Salah satu jalur sintesis melibatkan AcMe yang menghasilkan pembentukan N'-(propan-2-ilidena)isonikotinohidrazida. Selanjutnya, ikatan C=N dihidrogenasi secara selektif dengan adanya katalis platina dan dengan air, alkohol, atau asam asetat sebagai pelarut.[14][15]
Pada jalur lain, isonikotinohidrazida bereaksi dengan 2-bromopropana atau 2-kloropropana dalam reaksi adisi N-isopropil ke gugus hidrazina. Hal ini secara langsung menyebabkan terbentuknya iproniazid.[16][17]
Reaksi dan mekanisme kerja
Iproniazid menghambat aktivitas oksidase monoamina (MAO) baik secara langsung maupun melalui pembentukan metabolit aktifnya, yakni isopropilhidrazina. Pembentukan isopropilhidrazina dari iproniazid telah diamati tanpa adanya MAO.[12] Baik iproniazid maupun isopropilhidrazina bereaksi di dekat situs aktif MAO. Reaksi ini merupakan reaksi orde pertama progresif dengan energi aktivasi yang tinggi. Dengan adanya oksigen, reaksi ini bersifat ireversibel, karena terjadi dehidrogenasi iproniazid di situs aktif enzim. Dehidrogenasi ini menyerupai langkah pertama oksidasi amina. Setelah dehidrogenasi, iproniazid selanjutnya bereaksi dengan enzim.[18]
Penghambatan MAO oleh iproniazid bersifat kompetitif dan sensitif terhadap perubahan pH dan suhu, mirip dengan oksidasi substrat monoamina. Penghambatan tidak dapat dibalikkan dengan penambahan substrat.[18] Iproniazid mampu menggantikan penghambat non-hidrazina, tetapi tidak terhadap penghambat hidrazina lainnya dari situs aktif enzim.[12]
Untuk meningkatkan penghambatan oksidase monoamina, sianida dapat digunakan. Namun, reaksi tetap bergantung pada oksigen. Penghambatan MAO dapat dikurangi dengan penambahan glutation, yang menunjukkan konjugasi non-enzimatik iproniazid atau isopropilhidrazina dengan glutation.[18]
Metabolisme dan toksisitas
Gambar ini menunjukkan metabolisme iproniazid. Metabolit terpenting (yang diusulkan) adalah radikal isopropil yang diduga bertanggung jawab atas hepatotoksisitas iproniazid.[3][19]
Iproniazid dimetabolisme dalam tubuh. Iproniazid diubah menjadi isopropil hidrazina dan asam isonikotinat dalam reaksi hidrolisis awal.
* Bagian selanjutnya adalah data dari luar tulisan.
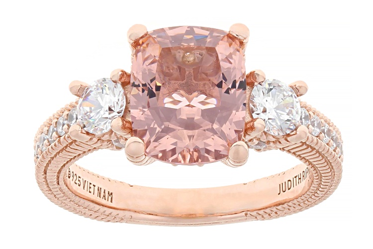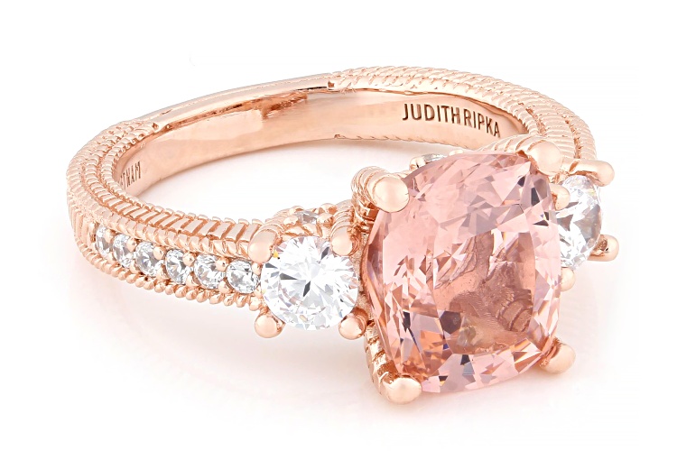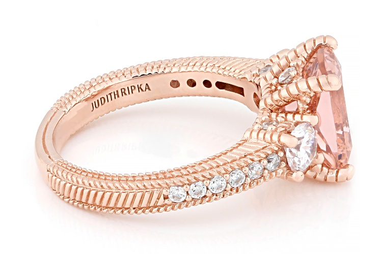 Judith Ripka 4.62ctw Morganite Simulant & White Bella Luce® 14k Rose Gold Clad Princess Ring - Size 10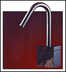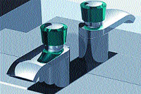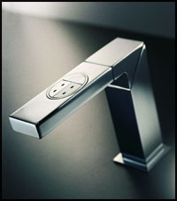 Az elektronika lassan az élet minden területre betör. Találkozhattunk már elektronikus zuhanytermosztátokkal, és láttunk távirányítóval üzembe helyezhető és szabályozható konyhai csapot is, amely az ismétlődő feladatok ellátása céljából még memóriával is rendelkezett. De érintésre működő és szabályozható mosdócsapot (4. kép) a Cersaie-on mutattak be először. A vízszintes kifolyócső tetején lévő nyomógombokkal a csap nyitható-zárható, és külön-külön szabályozható a hideg és a meleg víz térfogatárama. Érdekesség, hogy a kifolyócső függőlegesen mozgatható. Néhány éve feltűnést keltett az az érintés nélkül működő mosdócsap, amelynél a kezet a csap elé helyezve a csap nyitott, és a víz hőfokát a kéznek a kifolyóelemhez viszonyított távolságának változtatásával lehetett szabályozni.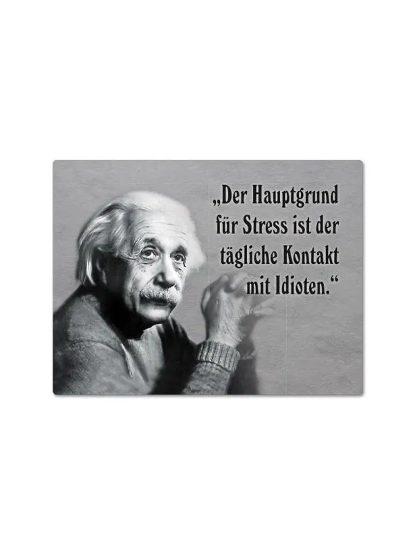 Manche Aussagen bringen es einfach auf den Punkt – so wie der Magnet “Kontakt mit Idioten”. Mit einem ikonischen Albert-Einstein-Porträt in Schwarz-Weiß und dem augenzwinkernden Spruch „Der Hauptgrund für Stress ist der tägliche Kontakt mit Idioten“ trifft dieser Magnet den Nerv der Zeit. Er ist nicht nur ein humorvolles Statement für den Alltag, sondern auch ein hochwertiges Wohnaccessoire, das mit Charakter und Charme überzeugt.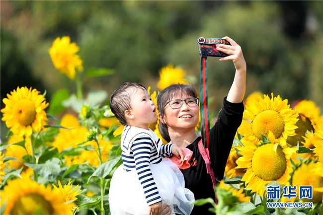 10月10日,家长和孩子在湖南省森林植物园的向日葵花海中自拍。新华社记者 陈泽国 摄

Isopropil hidrazina dapat dilepaskan ke dalam darah atau dapat diaktifkan secara metabolik oleh enzim CYP450 mikrosomal.[19] Oksidasi isopropil hidrazin ini merupakan reaksi toksifikasi yang pada akhirnya dapat menyebabkan pembentukan agen pengalkilasi: radikal isopropil.[3] Nekrosis hati ditemukan pada tikus dengan dosis serendah 10 mg/kg.[19]
Radikal Isopropil
Kehadiran radikal isopropil ditunjukkan oleh produk metabolisme iproniazid lainnya yang diamati: gas propana.[3]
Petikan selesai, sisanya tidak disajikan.